**PROBLEM DETAILS:**
Print the data below verbatim, minus images.

═══ INFORMATION PROVIDED

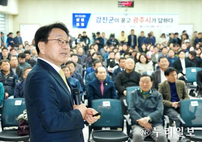 (누리일보) 광주광역시는 10일 강진군에서 ‘광주·전남 통합 강진군 상생토크’를 열고, 통합 이후 강진 발전 방향과 상생 협력 방안에 대해 군민들과 의견을 나눴다.
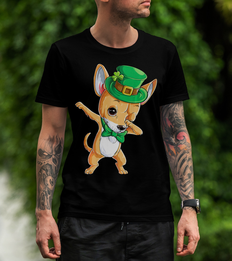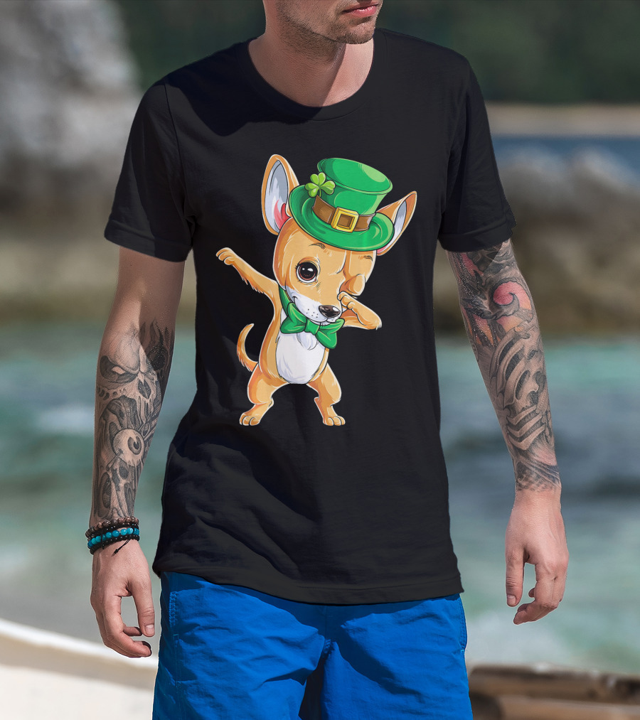 The St. Patrick's Day Dabbing Chihuahua Leprechaun Hat T-shirt is designed for everyday wear and a consistent fit. Fabric is pre-shrunk ring-spun cotton with durable stitching. See the size chart below for exact measurements.
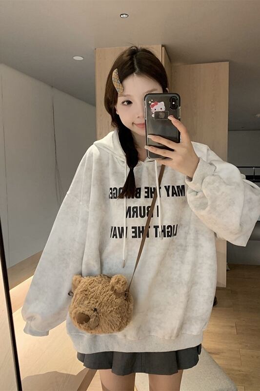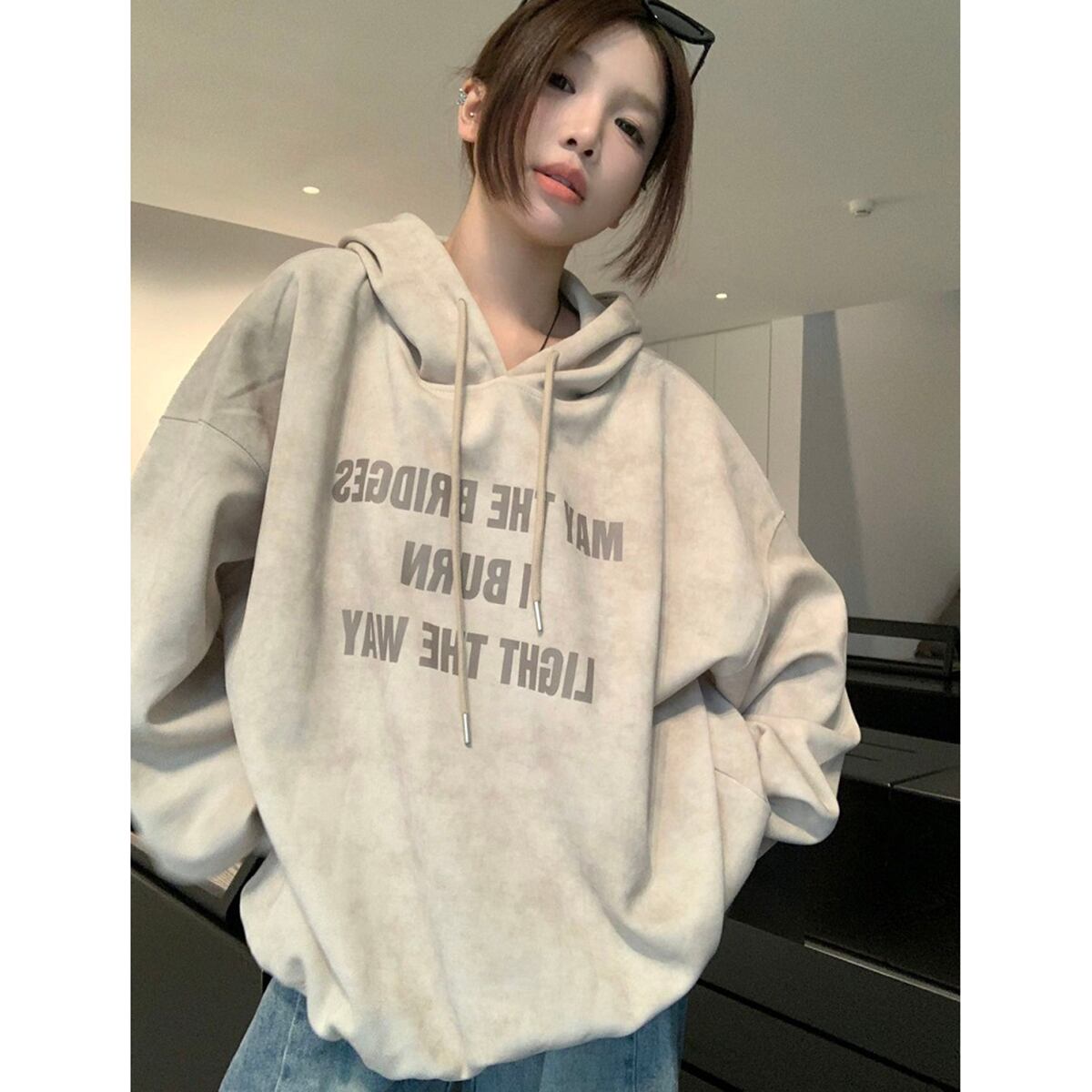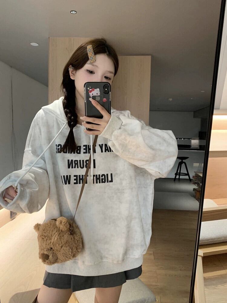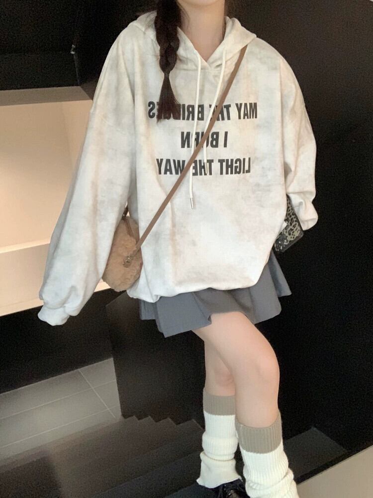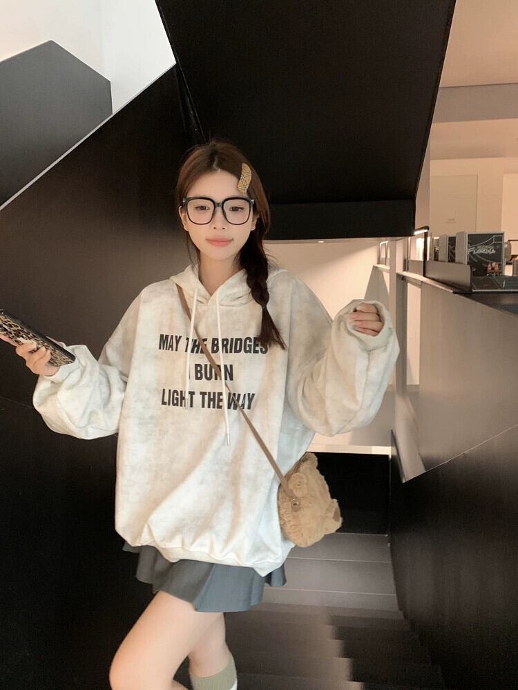 ベビーベルベット肥厚長袖スウェットシャツ女性秋の新スタイル怠惰なスタイルルーズフード付きレタープリントタイダイトップトレンディ ロング オータム 秋物 missk71983557139

══════

**RESPONSE TO THIS TASK:**
 (누리일보) 광주광역시는 10일 강진군에서 ‘광주·전남 통합 강진군 상생토크’를 열고, 통합 이후 강진 발전 방향과 상생 협력 방안에 대해 군민들과 의견을 나눴다.
 The St. Patrick's Day Dabbing Chihuahua Leprechaun Hat T-shirt is designed for everyday wear and a consistent fit. Fabric is pre-shrunk ring-spun cotton with durable stitching. See the size chart below for exact measurements.
 ベビーベルベット肥厚長袖スウェットシャツ女性秋の新スタイル怠惰なスタイルルーズフード付きレタープリントタイダイトップトレンディ ロング オータム 秋物 missk71983557139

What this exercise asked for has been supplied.